WHAT YOU HAVE TO DO | Although the records include pictures, the copy should not; write out exactly the lines from the first through the line with "Inside Out It's".
Start of DATASET
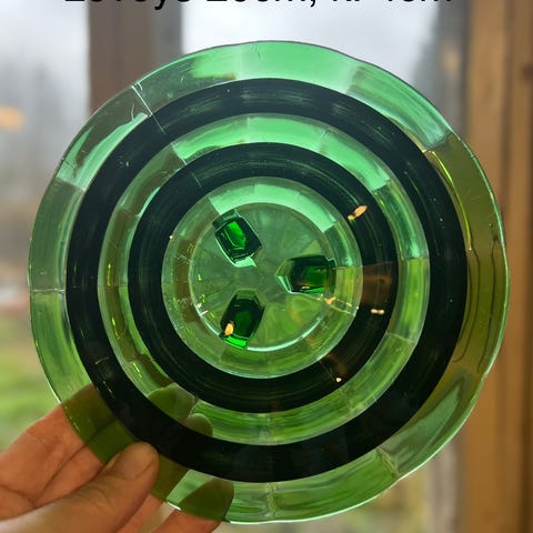 Myydään astetta harvinaisempi Aino Aallon Karhulan Lasille suunnittelema Bölgeblick-sarjan suurempi tarjoilulautanen, kaksi pientä kirkasta suorempaa Bölgeblick-sarjan lautasta sekä kolme Bölgeblick-sarjan tummempaa hiukan syvempää lautasta. Lautaset ovat Bölgeblick-sarjan alkupään tuotantoa paksuilla/hiotuilla pohjarenkailla sekä tekoprosessissa syntyneiden "virheiden" kanssa.
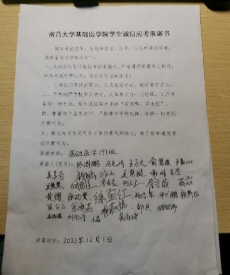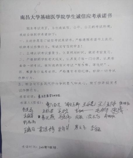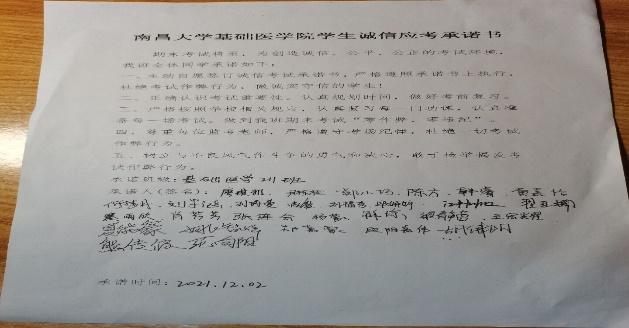 为鼓励大家将诚信应考落在实处,基础医学院组织全体学生签署诚信应考承诺书。同学们在认真阅读《诚信应考承诺书》之后,都在承诺书上郑重签名,庄严承诺。
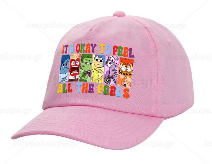 Inside Out It's Okay To Feel All The Feels , Καπέλο Ενηλίκων Baseball, 100% Βαμβακερό, ΡΟΖ (ΒΑΜΒΑΚΕΡΟ, ΕΝΗΛΙΚΩΝ, UNISEX, ONE SIZE)
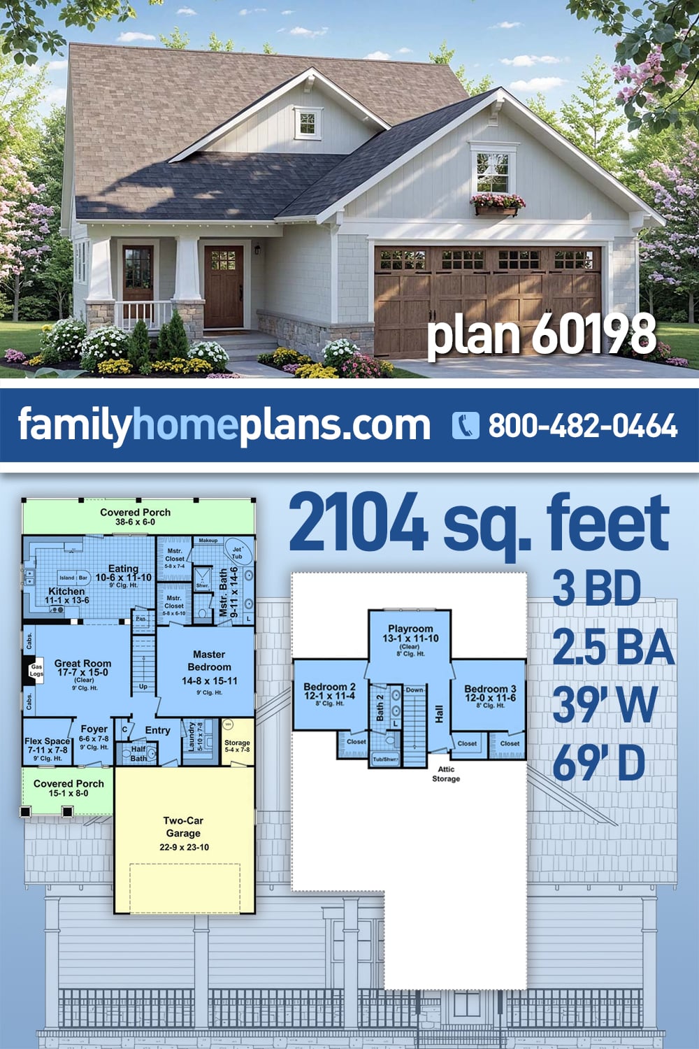 Two additional bedrooms and a large shared bathroom are located upstairs alongside a bright Playroom, giving kids or guests a space of their own. A versatile Flex Space near the Foyer is ideal for a home office or hobby nook. Generous porches in both the front and rear provide ample room for outdoor living. Additional highlights include a walk-in pantry, private Laundry Room, half bath for guests, extra Storage Room, and a roomy two-car Garage. This plan delivers cozy charm and smart living in one elegant package.
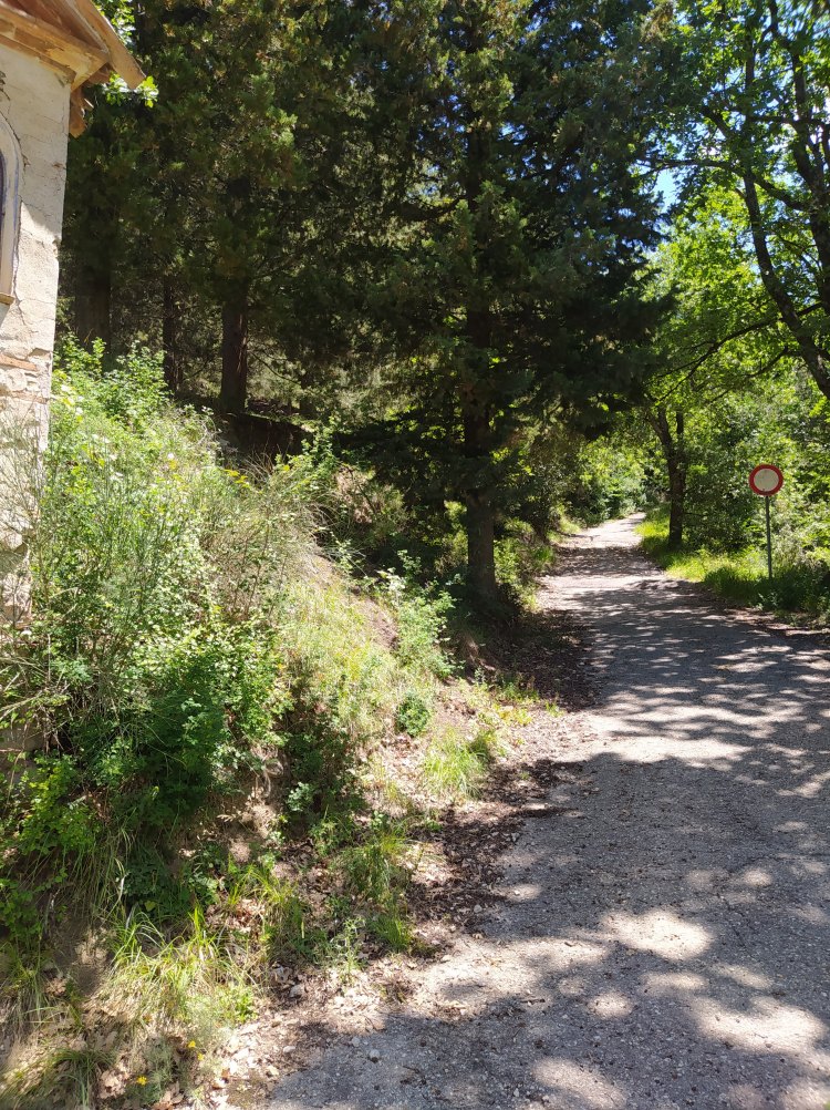 In alternativa, dopo pochi passi di strada asfaltata parte un sentiero fra i cipressi, sulla sinistra, più breve ma molto più ripido. A voi la scelta.
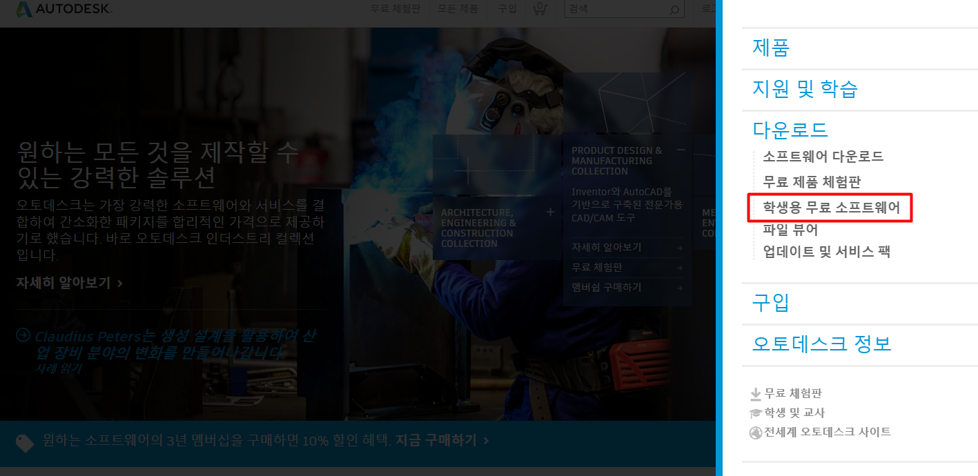 링크로 이동했으면 위와같은 오토데스크 사이트로 이동이 될겁니다. 우측상단에 보이는 메뉴를 클릭해주세요.
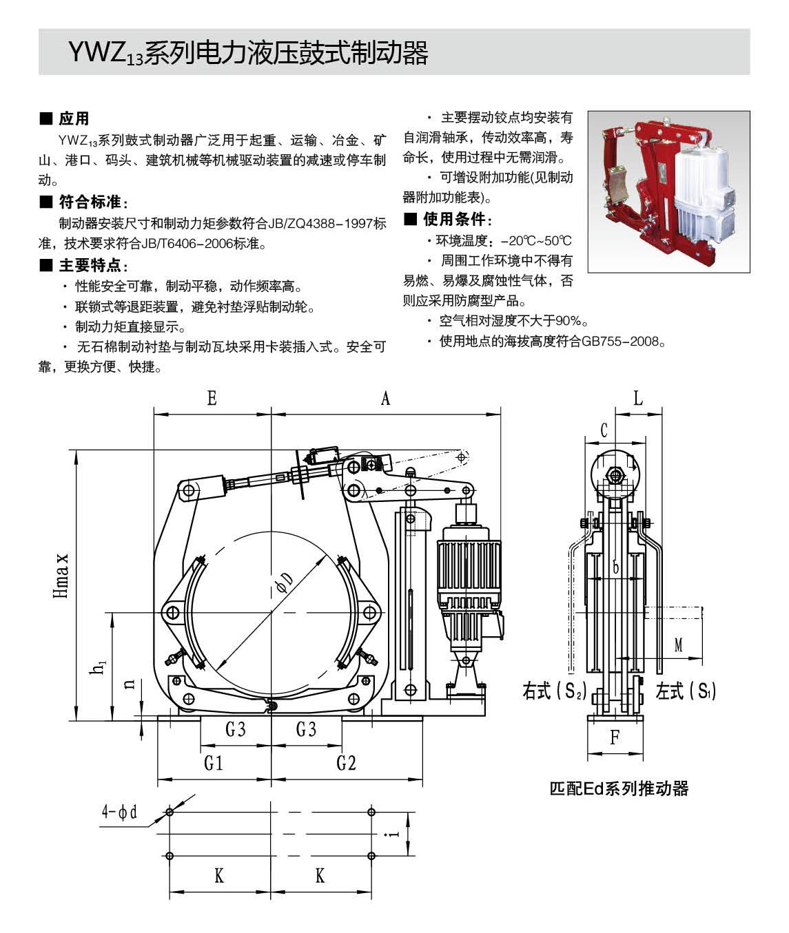 YW,YWZ13系列電力液壓鼓式制動器,廣泛應(yīng)用于有防爆要求的各種起重運輸、皮帶運輸、港口裝卸、冶金及建筑機械中各種機構(gòu)的減速和停車(維持)制動。
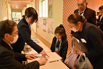教室では、先生の説明を聞き、配られた教科書に名前を書きました。
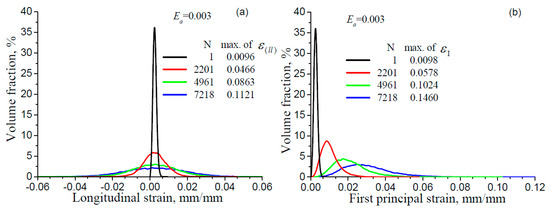 It needs to be pointed out that the strain contours are differently scaled and the plots cannot clearly visualize the changes from the 2nd to 2787th cycle. A quantitative evaluation of the strain distribution in the RVE and its change with cyclic loading is presented in Figure 4, showing the volume fractions of both the longitudinal strain and the first principal strain at the respective tensile peaks for increasing numbers of cycles number for different strain amplitudes ( = 0.003, 0.004, 0.005 and 0.006). The variation of strains in the RVE becomes larger and larger and the non-zero range expands with increasing number of cycles.
End of DATASET
SOLUTION TO THIS TASK |
 Myydään astetta harvinaisempi Aino Aallon Karhulan Lasille suunnittelema Bölgeblick-sarjan suurempi tarjoilulautanen, kaksi pientä kirkasta suorempaa Bölgeblick-sarjan lautasta sekä kolme Bölgeblick-sarjan tummempaa hiukan syvempää lautasta. Lautaset ovat Bölgeblick-sarjan alkupään tuotantoa paksuilla/hiotuilla pohjarenkailla sekä tekoprosessissa syntyneiden "virheiden" kanssa.
 为鼓励大家将诚信应考落在实处,基础医学院组织全体学生签署诚信应考承诺书。同学们在认真阅读《诚信应考承诺书》之后,都在承诺书上郑重签名,庄严承诺。
 Inside Out It's Okay To Feel All The Feels , Καπέλο Ενηλίκων Baseball, 100% Βαμβακερό, ΡΟΖ (ΒΑΜΒΑΚΕΡΟ, ΕΝΗΛΙΚΩΝ, UNISEX, ONE SIZE)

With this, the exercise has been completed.